Il Sole Domenica 4.12.16
Né con Roma né con Lutero
L’amore
di Erasmo per Cicerone non gli impedì di stilare un pamphlet contro la
retorica della curia con la quale fu persino più duro dei protestanti
di Massimo Firpo
Il
dialogo Ciceronianus di Erasmo fu pubblicato a Basilea nel marzo del
1528; l’anno dopo ne comparvero altre due edizioni e una quarta nel ’30.
Un immediato successo, come in genere accadeva a tutti gli scritti del
grande umanista olandese, maestro delle bonae litterae in ogni angolo
d’Europa. Lo era da tempo, del resto, almeno dalla pubblicazione degli
Adagia (1500), la raccolta di proverbi antichi più volte arricchita e
ristampata, come molti dei suoi scritti, cui erano poi seguiti l’
Enchridion militis christiani (1503), l’E logio della Follia (1511), il
testo critico del nuovo Testamento in greco e l’ Institutio principis
christiani (1516), i Colloquia (1517), la Querela pacis (1521), i
commenti biblici, le monumentali edizioni dei Padri della Chiesa, le
antologie di lettere, per citare solo le opere più celebri. Tutto era
cambiato però negli ultimi dieci anni, dopo che nel 1517 Martin Lutero
aveva affisso sulla porta del castello di Wittenberg le sue 95 tesi.
L’unità della respublica christiana, vale a dire lo stesso spazio
fisico, storico, culturale e religioso del magistero erasmiano, si
veniva infatti disgregando in un crescendo di polemiche, di
controversie, di odii inestinguibili, di condanne, di persecuzioni. Lo
stesso Erasmo aveva finito con il trovarsi nell’occhio del ciclone,
accusato dagli uni di essere stato la gallina che aveva deposto le uova
poi covate da Lutero, e dagli altri di aver vilmente rinunciato al suo
impegno per la riforma della Chiesa e di essersi alla fin fine schierato
a fianco di quei monaci corrotti, di quei frati ignoranti, di quel
papato simoniaco che in passato non aveva perso occasione di mettere
alla gogna.
In realtà, dopo la comparsa in scena di quel monaco
sassone sempre più irruento e tonante, lontanissimo dal suo modo di
essere e di pensare, Erasmo aveva taciuto, aveva lasciato correre, aveva
fatto finta di non vedere, consapevole che contribuire a spegnerne gli
ardori avrebbe anche comportato la fine di ogni speranza di riforma
della Chiesa.
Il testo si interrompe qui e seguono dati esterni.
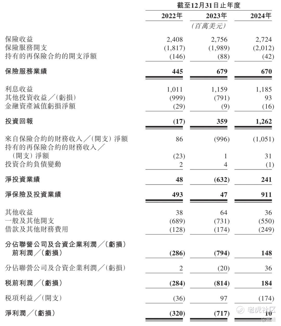 富卫保险2022年、2023年、2024年净保险及投资业绩分别为4.93亿美元、4700万美元、9.11亿美元;净利润分别为-3.2亿美元、-7.17亿美元、1000万美元。

Per questo non aveva preso posizione quando Lutero aveva
pubblicato i suoi grandi trattati del 1520, anche quando aveva
denunciato nel pontefice di Roma la bestia dell’Apocalisse, né quando
aveva dato alle fiamme la bolla di condanna di Leone X e il Corpus iuris
canonici nel ’21, né quando – sempre in quell’anno – aveva rifiutato di
piegarsi e ritrattare le sue dottrine di fronte a Carlo V. Aveva
aspettato sino al ’24, senza intervenire sulle questioni che più
infervoravano gli animi da ambo le parti, sulle indulgenze, sul ruolo
dei preti, sul purgatorio, sui sacramenti. Per sfidare Lutero aveva
scelto la questione tutta umanistica del libero arbitrio, e con essa
della dignità dell’uomo: una questione cruciale che investiva il modo
stesso di essere cristiani, contrapponendo a una fede tutta teologica,
fondata sulla parola di Dio e i suoi insondabili misteri, una fede tutta
morale, fondata invece sulla capacità del vangelo di ispirare carità,
giustizia, concordia. Fu Lutero stesso, che pure detestava con tutte le
sue forze quel raffinato letterato, incapace di capire e accettare lo
scandalo della fede, a riconoscerne la grandezza, dandogli atto di
essere stato il solo capace di morderlo alla gola.
Tutto ciò,
naturalmente resta tra le righe del Ciceronianus, ma ne costituisce al
tempo stesso una cornice imprescindibile. Contribuisce cioè a far capire
come Erasmo, grande ammiratore di Cicerone, decidesse poi di prenderne
le distanze. Non perché avesse cambiato idea, tutt’altro, anzi proprio
per essere fedele al modello autentico di Cicerone, alla sua capacità di
mettere l’eloquenza al servizio degli obiettivi che perseguiva, e
dunque di adattarsi alle circostanze, di mirare all’utile e
all’efficace, tutt’altro che bloccata in un algido purismo che ne
tradiva profondamente lo spirito. Non era Cicerone, insomma, l’obiettivo
polemico di questo libro, ma i ciceroniani, e in particolare i
letterati romani che quello stile avevano eretto a modello esclusivo non
solo delle esercitazioni retoriche con cui celebravano la Roma papale
quale erede della Roma imperiale e la esaltavano come Geusalemme eterna
in cui si era realizzata una sorta di suprema sintesi tra civiltà
classica e cristianesimo di cui essi erano i rappresentanti e i
sacerdoti. Una cultura sterile e vacua, tanto compiaciuta di se stessa
da ignorare la torbida decadenza in capite et in membris che infettava
la Chiesa a partire dalla curia papale, insensibile a ogni proposta di
rinnovamento e sorda alle istanze religiose che trovavano in Erasmo e
Lutero due pur diversi rappresentanti. Una cultura tutta letteraria,
ridotta a pedissequa imitazione e quindi incapace di rinnovamento,
intrisa di neopaganesimo, che presumeva di aver raggiunto il culmine nel
riprodurre nella lingua di Cicerone la stessa dottrina cristiana, i
suoi misteri, le sue liturgie, dando vita a quella che è stata definita
come una «teologia retorica», intessuta di citazioni classiche, come nel
Liber sententiarum di Paolo Cortesi (1504), per esempio, in cui i santi
diventavano heroes, Tommaso d’Aquino l’Apollo christianorum, i
sacerdoti flamines, l’inferno Orcus e così via.
Primo volume di
una collana Corona Patrum Erasmiana (di cui altri sono imminenti)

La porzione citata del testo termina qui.